Assignment:
Keep the images out and set the listing below down word for word.

Input records:
>>>
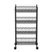 The Artiss 4-Tier Shelving Unit offers a durable and versatile storage solution for any space. Constructed with a reinforced steel frame and finished with rust-resistant powder coating, it supports up to 20kg per shelf, making it ideal for kitchens, garages, or home organisation. The adjustable shelves with V-shaped mesh surfaces allow you to customise storage heights while keeping items secure. Equipped with smooth-rolling, lockable wheels, this shelving unit is easy to move and position as needed. Quick to assemble and low maintenance, it's the perfect compact storage cart to keep your space tidy and organised.
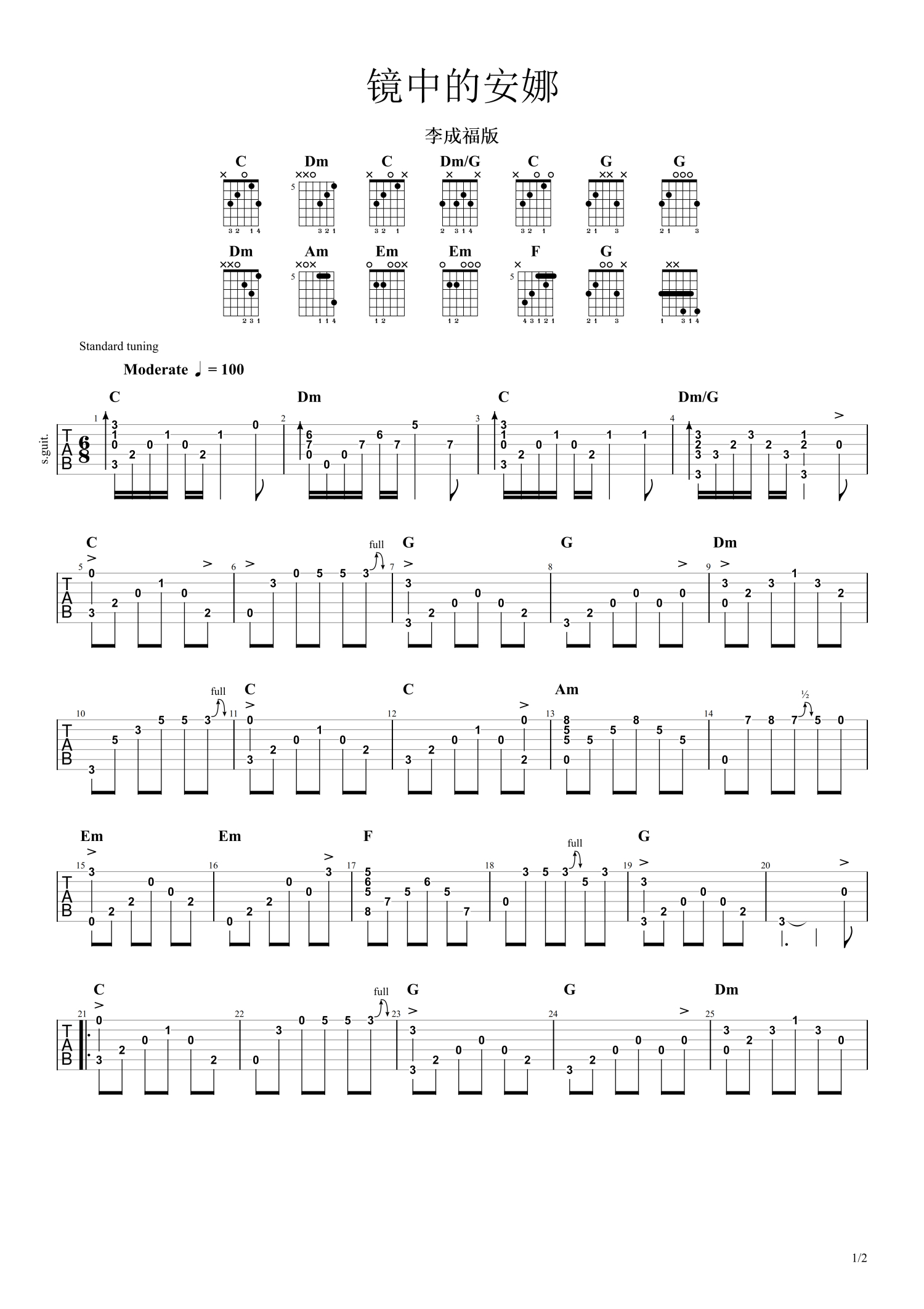 • 镜中的安娜吉他谱 - 吉他独奏谱 - 李成福版本第1张
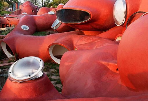 Сложно найти более причудливый дом, чем Bubble House, спроектированный в 70-м году архитектором Антти Ловагом для кутюрье Пьера Кардена. В этом году здание, представляющее собой архитектурную отсылку к биомимикрии и органическим формам, было полностью восстановлено. Архитекторы Studio Odile Decq частично обновили стальной каркас с бетонным наполнением, а главное – придали первоначальный вид психоделическим интерьерам дома. Теперь это музей, открытый для всех желающих.
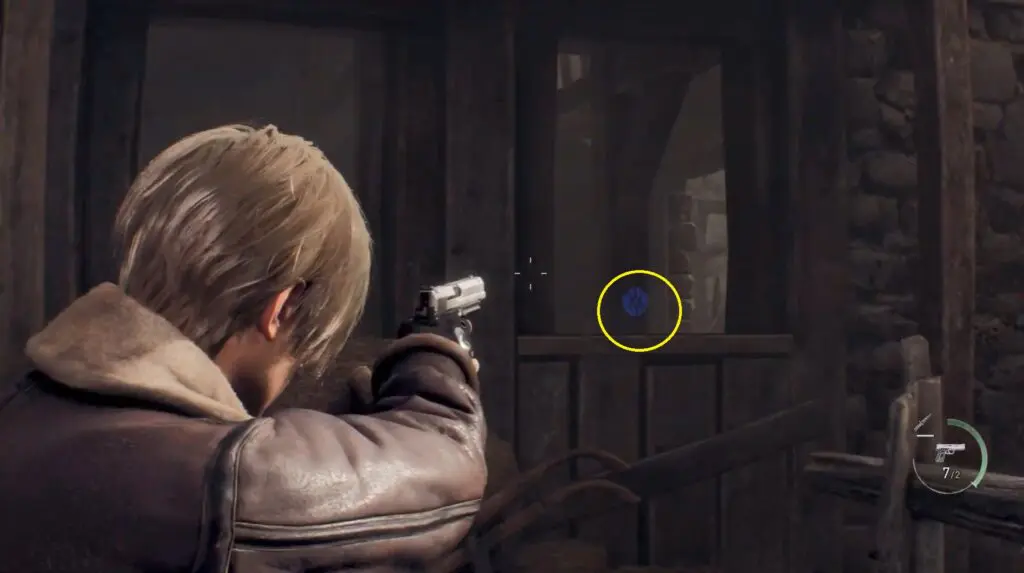 This collectible is available at the end of the Farm area. Prior to the closed gate, there is a blue leaflet attached to the wall which you can retrieve. To fulfill this request, you will need to shoot the 5 Blue Medallions located in the farm area.
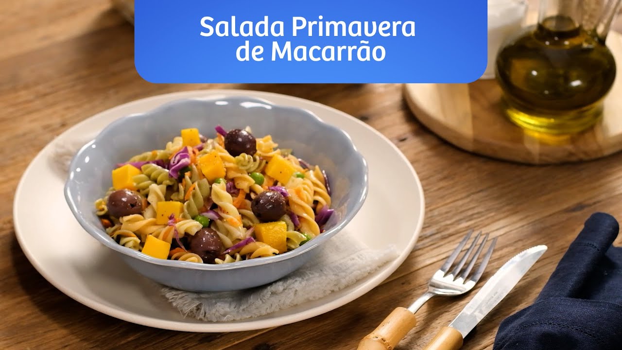 Macarrão Renata Fusilli com legumes e manga. Finalizado com azeite Renata e limão.
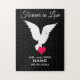 Este rompecabezas de la sierra del personalizable para siempre en amor presenta una hermosa paloma blanca que lleva un corazón, y un texto de la paloma blanca que ha sido puesto contra un fondo negro. Las tres últimas líneas del elemento se pueden personalizar con la información de su boda.
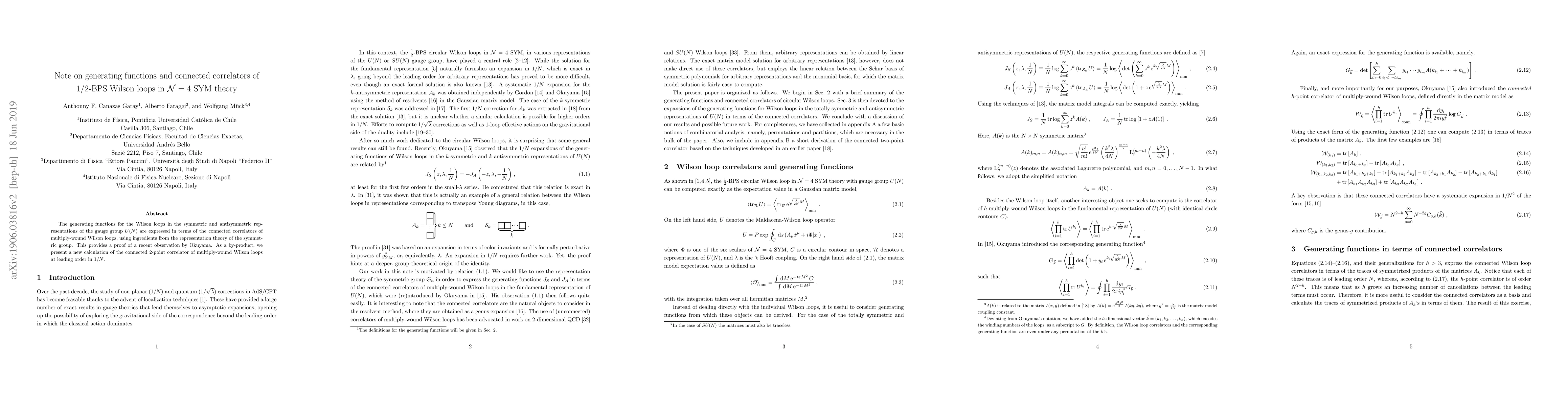 The paper derives generating functions for Wilson loops in $U(N)$'s symmetric and antisymmetric representations via connected correlators of multiply-wound loops, confirming Okuyama's conjecture and providing a new leading-order calculation of connected 2-point correlators.
<<<
Solution to this problem:
 The Artiss 4-Tier Shelving Unit offers a durable and versatile storage solution for any space. Constructed with a reinforced steel frame and finished with rust-resistant powder coating, it supports up to 20kg per shelf, making it ideal for kitchens, garages, or home organisation. The adjustable shelves with V-shaped mesh surfaces allow you to customise storage heights while keeping items secure. Equipped with smooth-rolling, lockable wheels, this shelving unit is easy to move and position as needed. Quick to assemble and low maintenance, it's the perfect compact storage cart to keep your space tidy and organised.
 • 镜中的安娜吉他谱 - 吉他独奏谱 - 李成福版本第1张
 Сложно найти более причудливый дом, чем Bubble House, спроектированный в 70-м году архитектором Антти Ловагом для кутюрье Пьера Кардена. В этом году здание, представляющее собой архитектурную отсылку к биомимикрии и органическим формам, было полностью восстановлено. Архитекторы Studio Odile Decq частично обновили стальной каркас с бетонным наполнением, а главное – придали первоначальный вид психоделическим интерьерам дома. Теперь это музей, открытый для всех желающих.
 This collectible is available at the end of the Farm area. Prior to the closed gate, there is a blue leaflet attached to the wall which you can retrieve. To fulfill this request, you will need to shoot the 5 Blue Medallions located in the farm area.
 Macarrão Renata Fusilli com legumes e manga. Finalizado com azeite Renata e limão.
 Este rompecabezas de la sierra del personalizable para siempre en amor presenta una hermosa paloma blanca que lleva un corazón, y un texto de la paloma blanca que ha sido puesto contra un fondo negro. Las tres últimas líneas del elemento se pueden personalizar con la información de su boda.
 The paper derives generating functions for Wilson loops in $U(N)$'s symmetric and antisymmetric representations via connected correlators of multiply-wound loops, confirming Okuyama's conjecture and providing a new leading-order calculation of connected 2-point correlators.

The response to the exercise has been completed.